Тут Леониду пришлось отвлечься от продолжения разговора – соседка оторвалась от «интереснейшего» разговора о том, какие подгузники лучше, и попросила снова поухаживать: принесли горячее.

– Леонид-ака, будьте добры… Мне – поменьше, а то фигура… – на корпоративах по имени-отчеству никогда друг друга почти не называли, но всё же богатство языка позволяло проявить уважение к старшим – будь то возраст, или чин: поэтому все здесь были либо – «ака», либо – «опа».

И лишь к Михаилу и ещё паре чудом сохранившихся «европейцев» Леонид обращался просто по имени.
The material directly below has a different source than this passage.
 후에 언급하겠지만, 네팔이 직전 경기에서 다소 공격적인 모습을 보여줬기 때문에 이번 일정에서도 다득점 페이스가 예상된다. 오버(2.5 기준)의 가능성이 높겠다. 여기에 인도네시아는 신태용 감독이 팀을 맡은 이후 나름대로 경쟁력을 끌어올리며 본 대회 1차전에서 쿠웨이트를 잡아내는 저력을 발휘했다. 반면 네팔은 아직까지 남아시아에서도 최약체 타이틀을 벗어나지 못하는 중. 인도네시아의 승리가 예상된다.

Здесь всё ещё наблюдалось нечто вроде «расовой» солидарности.

– Конечно, конечно, Хуррият-опа, минутку… Пожалуйста! – Леонид не знал, что именно имела в виду увядающая женщина, весившая далеко за сто, упоминая о «фигуре». Да, собственно, и не стремился узнать.

Нарвежский народный плов Леонид не любил. И не потому, что тот был не вкусен – как раз наоборот: и запах, и цвет и дизайн риса, мяса и фиолетовых кишмишинок с желтыми горошинами всегда нравились ему. Вид великолепный – настоящий восточный эксклюзив для гурманов!

Просто – для того, чтобы кишечник мог нормально переработать полупропаренный рис благородных сортов, нужно было два дня. И – огромный живот. «Мамон», как его гордо именовали обладатели: все мужчины-нарвежцы старше тридцати.

А кое у кого он отрастал и к двадцати пяти – в силу наследственности.

Так что это «достижение» выработало у всех местных мужчин традиционную походку а-ля откормленный гусь. Медленно и вперевалку.

И – гордо неся пузо в двадцати сантиметрах впереди себя, остального…

То есть – лишь ничтожного приложения к «авторитету».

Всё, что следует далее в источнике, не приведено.